CUDA kernel error for BaguaStrategy with algorithm="async"

awaelchli commented 2 years ago

🐛 Bug

To Reproduce

import os

import torch
from torch.utils.data import DataLoader, Dataset

from pytorch_lightning import LightningModule, Trainer
from pytorch_lightning.strategies import BaguaStrategy

class RandomDataset(Dataset):
    def __init__(self, size, length):
        self.len = length
        self.data = torch.randn(length, size)

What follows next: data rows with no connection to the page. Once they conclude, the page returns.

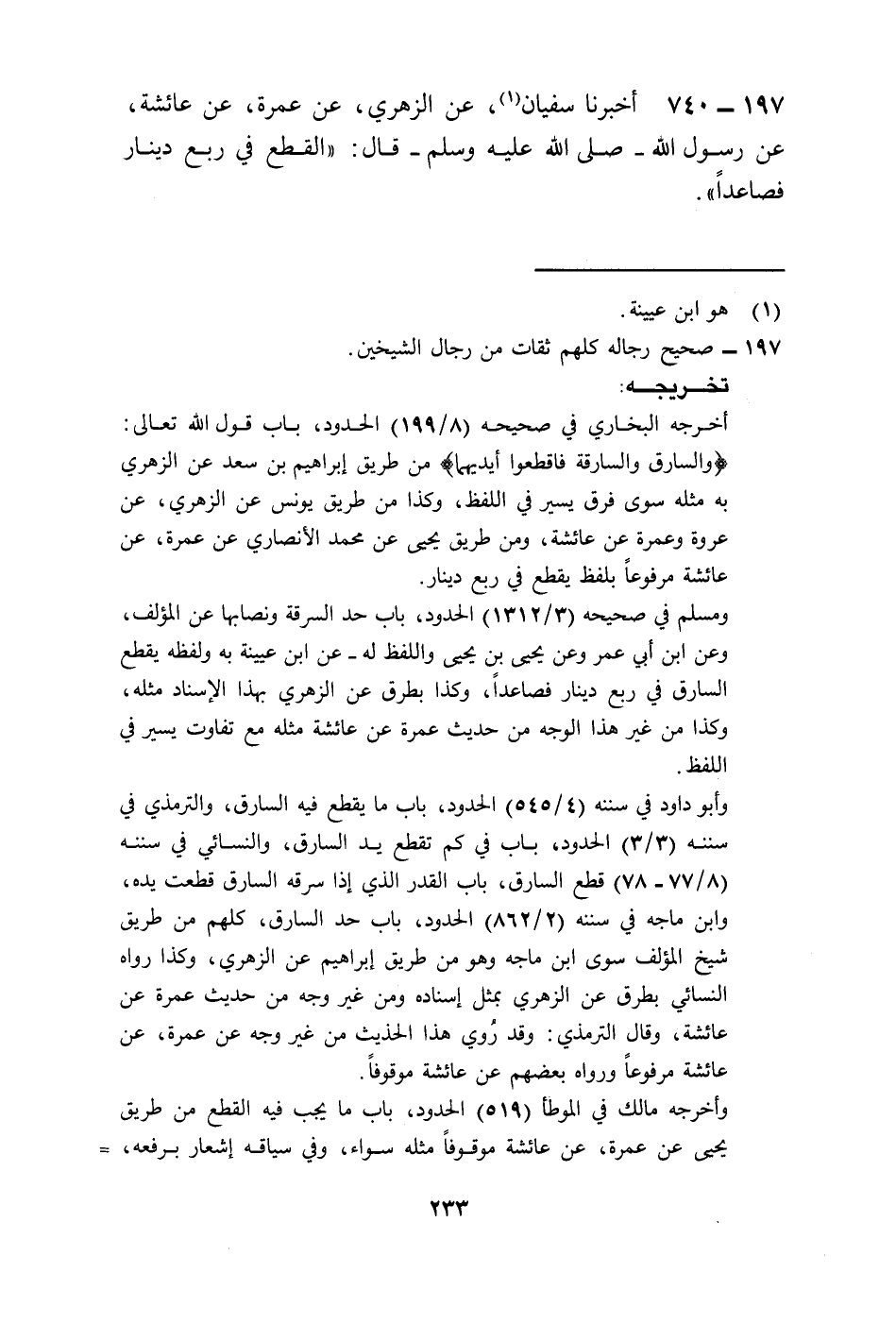 740 - أَخْبَرَنَا سُفْيَانُ، عَنِ الزُّهْرِيِّ، عَنْ عَمْرَةَ، عَنْ عَائِشَةَ، عَنْ رَسُولِ اللَّهِ صَلَّى اللهُ عَلَيْهِ وَسَلَّمَ قَالَ «§الْقَطْعُ فِي رُبْعِ دِينَارٍ فَصَاعِدًا»
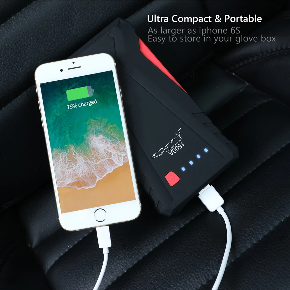 1500A Jump Starter Emergency Starting Device Cables Hight Capacity MIni Booster Portable Power Bank Starting Petrol Diesel Car
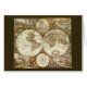 Mapa del mundo antiguo del ilustracion vintage con ambos hemisferios, c. 1680. Por el cartógrafo Frederick de Wit (1629/30-1706). Frederick de Wit (también conocido como Frederic, Frederik, Frederico, Fredericus. de Witt y de Widt) fue un vendedor de papel y mapas holandés. Terrarum Orbis. Este mapa antiguo presenta los hemisferios oriental y occidental, así como los polos norte y sur. Los ilustraciones de estilo barroco en las esquinas representan los cuatro elementos: Fuego con Plutón llevando Persephone, al que asisten Cerberus, el tutor de tres cabezas de Hades, mientras la escena de la batalla arde en el fondo; Aire como reino celestial gobernado por Zeus y Hera, rodeados por criaturas aladas y otros dioses; Agua con el dios del mar Neptuno, mermen, una ballena espinosa, barcos de vela a lo lejos, y la Tierra representada por una escena con desfiles que presentan a tres diosas con frutos de la cosecha y el ganado.
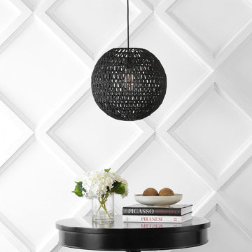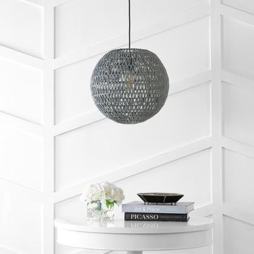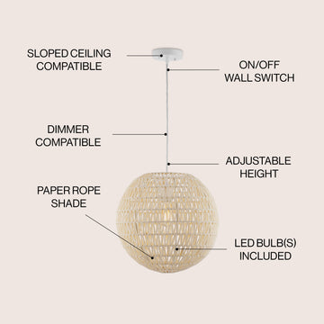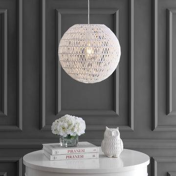 Modern design meets traditional craftsmanship in our white woven globe pendant. Made from paper wicker woven onto a sturdy metal frame, this ceiling fixture adds a Bohemian touch to your living room, bedroom, or dining room. Additionally, the drop is adjustable from 16" to 88", making it suitable for a ceiling of any height.
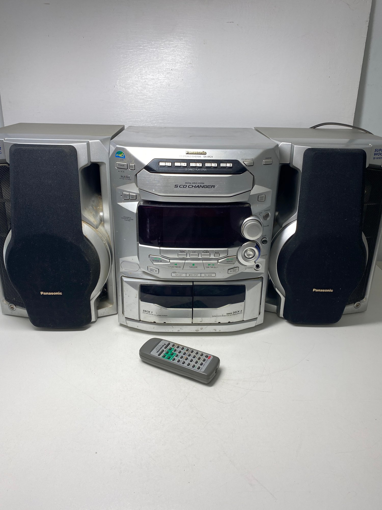 This stereo system is in excellent working condition! All buttons and knobs work and it even includes the remote which also works great! There is some scuffs and scratches throughout from age and use. It is a little dusty and dingy and would benefit from a deep and detailed cleaning. There is no antenna included and would need a new one to use the radio. This is a Panasonic model SA-AK24. The speakers measure 13” tall,10” wide and 9.75” deep. The stereo measures 11” wide,12.75” tall, and 11” deep.

    def __getitem__(self, index):
        return self.data[index]

    def __len__(self):
        return self.len

class BoringModel(LightningModule):
    def __init__(self):
        super().__init__()
        self.layer = torch.nn.Linear(32, 2)

    def forward(self, x):
        return self.layer(x)

    def training_step(self, batch, batch_idx):
        loss = self(batch).sum()
        self.log("train_loss", loss)
        return {"loss": loss}

    def configure_optimizers(self):
        return torch.optim.SGD(self.layer.parameters(), lr=0.1)

def run():
    train_data = DataLoader(RandomDataset(32, 64), batch_size=2)

    model = BoringModel()
    trainer = Trainer(
        default_root_dir=os.getcwd(),
        limit_train_batches=1,
        num_sanity_val_steps=0,
        max_epochs=1,
        enable_model_summary=False,
        accelerator="gpu",
        devices=2,
        strategy=BaguaStrategy(algorithm="async")
    )
    trainer.fit(model, train_dataloaders=train_data)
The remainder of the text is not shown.